Searched and found info on site. Sorry.

I have a 91 Toyota 4 x 4. 6 ft. bed with a basic tool box which shortens the usable space.

I will be selling this truck within the next couple weeks, so I don't want to buy a bike rack until I know exactly what I'm gonna have. Basically, I need to build something that's gonna be easy to remove, and fairly cheap to build. (I can get most wood materials either free or cheap because I work for a large homebuilder). I think I'm gonna have to transport the bikes(2) without the front tires because of lack of bed space. What can be used to lock the front fork down?

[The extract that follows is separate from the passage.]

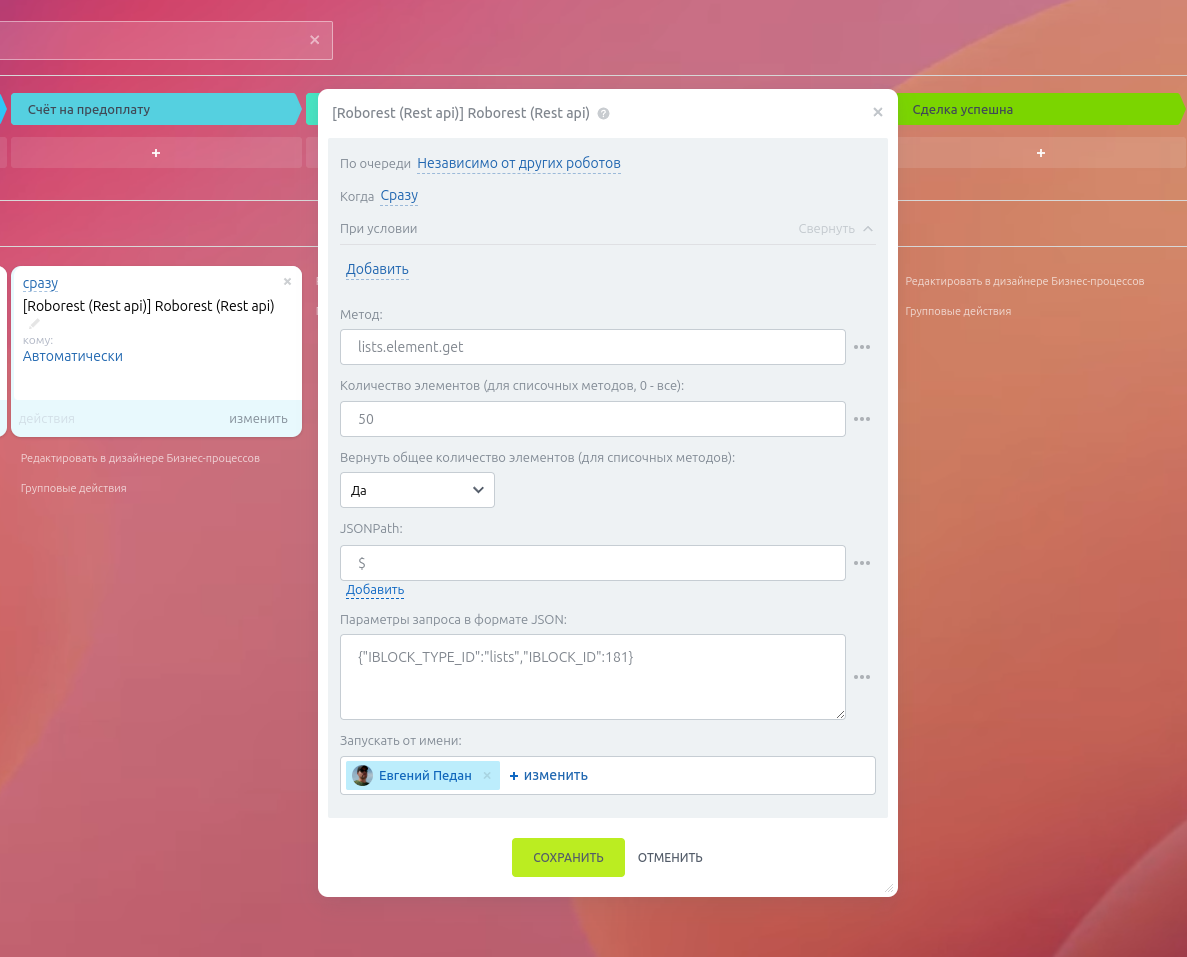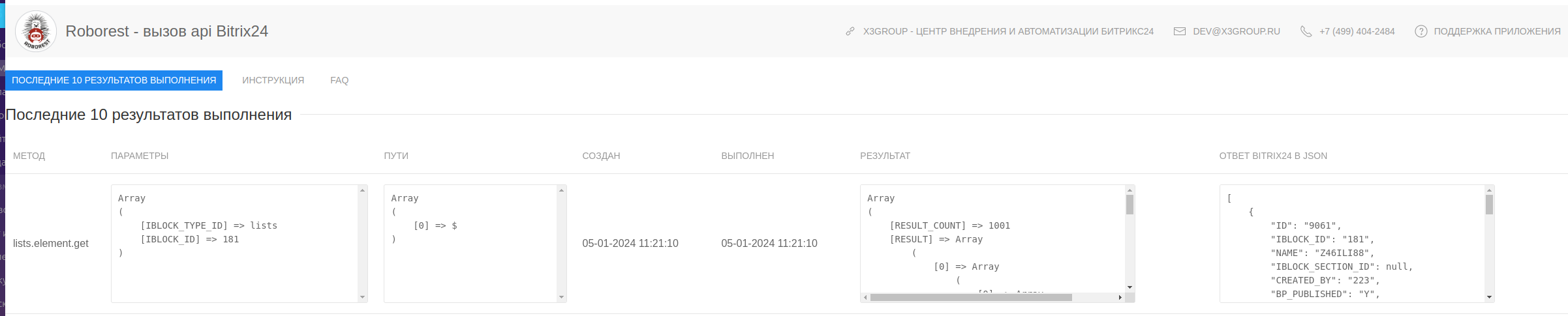Позволяет выполнять запросы Rest api https://dev.1c-bitrix.ru/rest_help/index.php с помощью роботов, получать множественный результат выполнения.

Pretty new to biking, any help or ideas are much appreciated.

Thanks,
...tb...


----------



## Drevil (Dec 31, 2003)

TimmyB said:


> Searched and found info on site. Sorry.
> 
> I have a 91 Toyota 4 x 4. 6 ft. bed with a basic tool box which shortens the usable space.
> 
> ...


 So ignore or not? If not, check this out:
http://www.performancebike.com/shop/large_photo.cfm?SKU=3702&Store=Bike


----------



## TimmyB (Mar 29, 2004)

Drevil said:


> So ignore or not? If not, check this out:
> http://www.performancebike.com/shop/large_photo.cfm?SKU=3702&Store=Bike


That's basically what I just bought during lunch. Only mine are Yakima brand. And I though paintball was gear intensive. Jeebus, so much crap to buy!

Thanks anywhoo,
...tb...


----------



## DoctorJD (Jan 15, 2004)

*Try this...*

I used to have a Chevy S-10 with a tool box and this is what I did. Take a couple of these:










And mount them on a piece of 5/4 board. Inside most late model truck beds will be a recess on the sidewall to accept a piece of six inch board for storage purposes. Cut your board to fit inside the recess and you've got yourself an inexpensive bike rack that is expandable. Can be done for about $35-$40.


----------



## DoctorJD (Jan 15, 2004)

*Or this...*

Now that I think about it, I didn't have the tool box on the truck when I used the board because there wasn't enough room. What I DID do was take the same fork-mount clamps and attach them to the lid of the toolbox. To prevent leakage, get some thin, wide, adhesive backed weatherstripping and apply to the base of the clamps before installing them on the lid, this will waterproof the holes for the mounting screws. Or, simply apply some silicone caulk to the clamps to achieve the same effect. Even if you have a short bed truck you will still be able to close the tailgate with the bikes mounted.


----------



## TimmyB (Mar 29, 2004)

This is what I did. Picked up the mounts during lunch. Put em' on the toolbox when I got home. I said screw it, its just a tool box, I can always seal the holes back up with some screws and some sealant. Total cost about $50.(two mounts and the nuts and bolts) To seal the drilled holes, I used neoprene washers on the inside of the toolbox, and on the outside. The outside ones are between the mount and the box.

Thanks for all the help!


----------



## hazardousmtb (Sep 26, 2011)

TimmyB said:


> This is what I did. Picked up the mounts during lunch. Put em' on the toolbox when I got home. I said screw it, its just a tool box, I can always seal the holes back up with some screws and some sealant. Total cost about $50.(two mounts and the nuts and bolts) To seal the drilled holes, I used neoprene washers on the inside of the toolbox, and on the outside. The outside ones are between the mount and the box.
> 
> Thanks for all the help!


i imagine if u angled it just right *and positioned the fork mount* you could still open your toolbox with the bike on...lol not that it would be easy or anything. i want to put mine on the side of the toolbox but i cant close my tailgate and i already have a great method of hauling bikes...but always looking for possibilities


----------